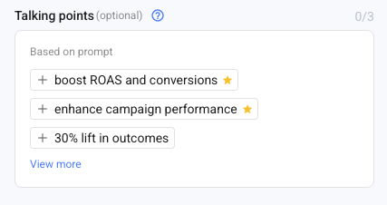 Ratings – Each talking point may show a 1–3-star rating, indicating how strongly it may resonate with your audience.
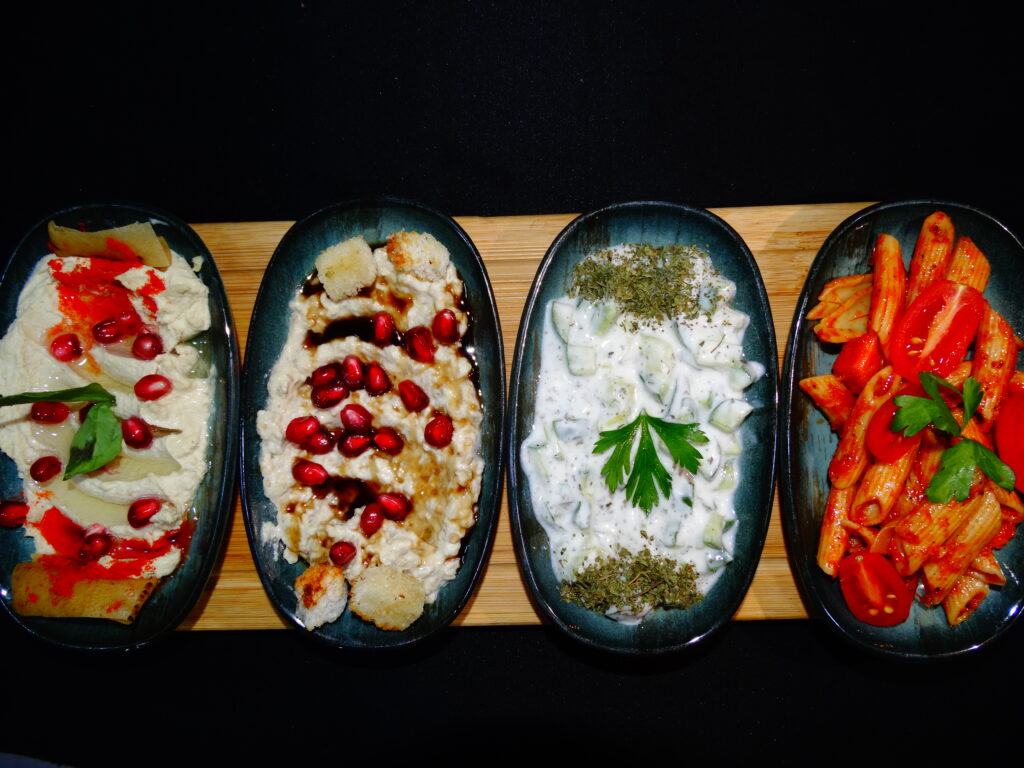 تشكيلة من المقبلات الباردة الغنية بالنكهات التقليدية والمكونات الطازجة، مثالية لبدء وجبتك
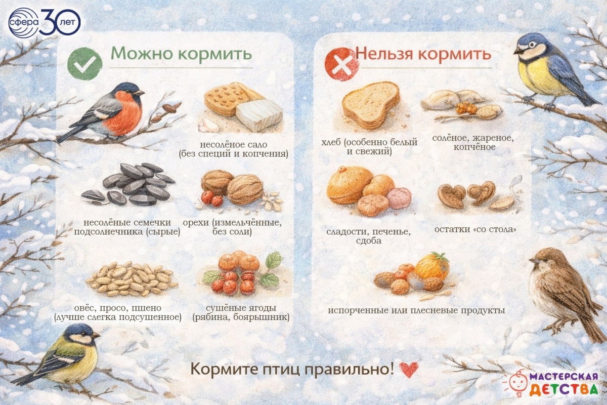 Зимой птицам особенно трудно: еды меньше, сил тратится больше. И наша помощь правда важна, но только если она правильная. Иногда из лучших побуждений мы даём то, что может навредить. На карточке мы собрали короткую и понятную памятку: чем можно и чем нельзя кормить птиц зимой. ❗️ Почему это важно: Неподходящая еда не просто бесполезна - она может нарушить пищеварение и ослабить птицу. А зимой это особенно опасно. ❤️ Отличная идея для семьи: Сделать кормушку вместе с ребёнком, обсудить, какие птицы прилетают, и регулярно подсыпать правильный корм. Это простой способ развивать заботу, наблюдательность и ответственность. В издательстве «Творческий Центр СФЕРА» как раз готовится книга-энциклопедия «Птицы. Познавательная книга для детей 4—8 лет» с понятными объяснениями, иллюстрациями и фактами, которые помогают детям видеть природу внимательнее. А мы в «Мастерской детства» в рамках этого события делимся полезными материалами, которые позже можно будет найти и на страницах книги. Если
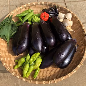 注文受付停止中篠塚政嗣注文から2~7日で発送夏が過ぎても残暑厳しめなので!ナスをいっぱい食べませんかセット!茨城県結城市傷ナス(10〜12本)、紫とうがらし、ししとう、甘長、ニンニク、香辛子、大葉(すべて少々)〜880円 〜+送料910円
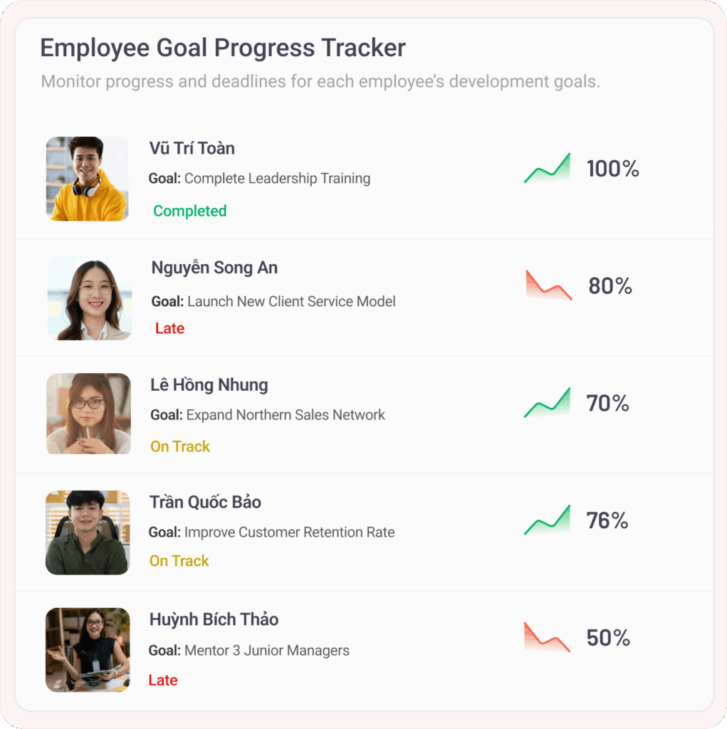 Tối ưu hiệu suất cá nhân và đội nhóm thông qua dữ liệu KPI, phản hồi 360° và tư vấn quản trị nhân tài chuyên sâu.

☆ ☆ ☆ ☆

From the first line of the records down through the line containing "تشكيلة من المقبلات", transcribe exactly those lines and no others, both ends kept, pictures dropped.

 Ratings – Each talking point may show a 1–3-star rating, indicating how strongly it may resonate with your audience.
 تشكيلة من المقبلات الباردة الغنية بالنكهات التقليدية والمكونات الطازجة، مثالية لبدء وجبتك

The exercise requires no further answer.